George Lucas spoke again recently, which means that, of course, he angered nerds all over the world. His recent statements regard the fervent “Han Shot First” controversy. Lucas claims that not only did he redesign the scene where Greedo captures Han Solo for A New Hope’s special edition, but he now says it was always that way, and Greedo was always meant to shoot first. Even though anybody with eyeballs in their head can see that is not the case, and that Han Solo is a badass.
Visitors to Skywalker Ranch may notice some strange occurrences. It’s not uncommon to catch a glimpse of movement out of the corner of your eye or feel a presence behind you when walking the hallways at night. Though when you turn, there is no one there. Some eyewitnesses have reported seeing an opaque, glowing woman pleading for help. George Lucas explains that this is just test footage for Princess Leia‘s hologram transmission to Obi-Wan Kenobi. But it just doesn’t add up.

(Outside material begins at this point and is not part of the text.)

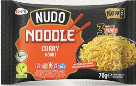
Curry 70 Grams x 40 Pieces (1 Box)

Though there is clearly filmic proof of the Death Star firing upon Alderaan and killing its entire population, George Lucas has been an outspoken Holocaust (on Alderaan) denier. “The Holocaust (on Alderaan) didn’t happen,” claims Lucas. “The explosion of the planet was an inside job which the Empire had no hand in.” He also purports there is a conspiracy in the Cloud City of Bespin that Lando Calrissian has stockpiled thousands of plastic bins alleged to be used for the mass burials of suspected rebels.
Deny. Deny. Deny.
That’s George Lucas’s top three rules when called out for the double-dipping of a cracker, chip, or baby carrot while at functions that offer hummus or ranch dip. It’s not even worth accusing him anymore as he can use Industrial Light & Magic to digitally cover up any wrongdoing. Best bet is to just get to the dip before him and ration out your own amount, or avoid it entirely.